Task instructions — Write out, word for word, every line in the data below from the one containing "Made with the" to the one containing "Vintage 925 Sterling", both of them included.

Input for this task —
- Opening Delimiter -
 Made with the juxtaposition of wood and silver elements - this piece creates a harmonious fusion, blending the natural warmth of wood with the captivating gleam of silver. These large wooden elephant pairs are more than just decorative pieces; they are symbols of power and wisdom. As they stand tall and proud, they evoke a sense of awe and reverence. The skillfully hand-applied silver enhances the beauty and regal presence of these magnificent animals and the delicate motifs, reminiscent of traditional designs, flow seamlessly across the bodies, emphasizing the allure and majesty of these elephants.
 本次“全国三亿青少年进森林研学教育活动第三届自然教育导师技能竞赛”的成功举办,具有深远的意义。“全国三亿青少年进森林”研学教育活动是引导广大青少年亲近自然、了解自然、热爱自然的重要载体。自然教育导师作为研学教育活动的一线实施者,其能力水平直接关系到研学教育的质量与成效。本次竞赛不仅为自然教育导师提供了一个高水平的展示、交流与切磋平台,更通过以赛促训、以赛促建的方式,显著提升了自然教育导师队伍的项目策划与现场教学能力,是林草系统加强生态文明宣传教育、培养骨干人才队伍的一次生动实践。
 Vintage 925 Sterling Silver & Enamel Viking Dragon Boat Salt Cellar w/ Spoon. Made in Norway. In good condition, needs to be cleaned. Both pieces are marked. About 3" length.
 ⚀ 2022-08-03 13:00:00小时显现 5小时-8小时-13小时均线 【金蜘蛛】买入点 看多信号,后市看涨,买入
- Closing Delimiter -
- Opening Delimiter -
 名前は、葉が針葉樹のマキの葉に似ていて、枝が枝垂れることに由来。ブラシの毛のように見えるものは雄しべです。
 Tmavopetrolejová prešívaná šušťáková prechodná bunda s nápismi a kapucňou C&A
- Closing Delimiter -
Result of the exercise —
 Made with the juxtaposition of wood and silver elements - this piece creates a harmonious fusion, blending the natural warmth of wood with the captivating gleam of silver. These large wooden elephant pairs are more than just decorative pieces; they are symbols of power and wisdom. As they stand tall and proud, they evoke a sense of awe and reverence. The skillfully hand-applied silver enhances the beauty and regal presence of these magnificent animals and the delicate motifs, reminiscent of traditional designs, flow seamlessly across the bodies, emphasizing the allure and majesty of these elephants.
 本次“全国三亿青少年进森林研学教育活动第三届自然教育导师技能竞赛”的成功举办,具有深远的意义。“全国三亿青少年进森林”研学教育活动是引导广大青少年亲近自然、了解自然、热爱自然的重要载体。自然教育导师作为研学教育活动的一线实施者,其能力水平直接关系到研学教育的质量与成效。本次竞赛不仅为自然教育导师提供了一个高水平的展示、交流与切磋平台,更通过以赛促训、以赛促建的方式,显著提升了自然教育导师队伍的项目策划与现场教学能力,是林草系统加强生态文明宣传教育、培养骨干人才队伍的一次生动实践。
 Vintage 925 Sterling Silver & Enamel Viking Dragon Boat Salt Cellar w/ Spoon. Made in Norway. In good condition, needs to be cleaned. Both pieces are marked. About 3" length.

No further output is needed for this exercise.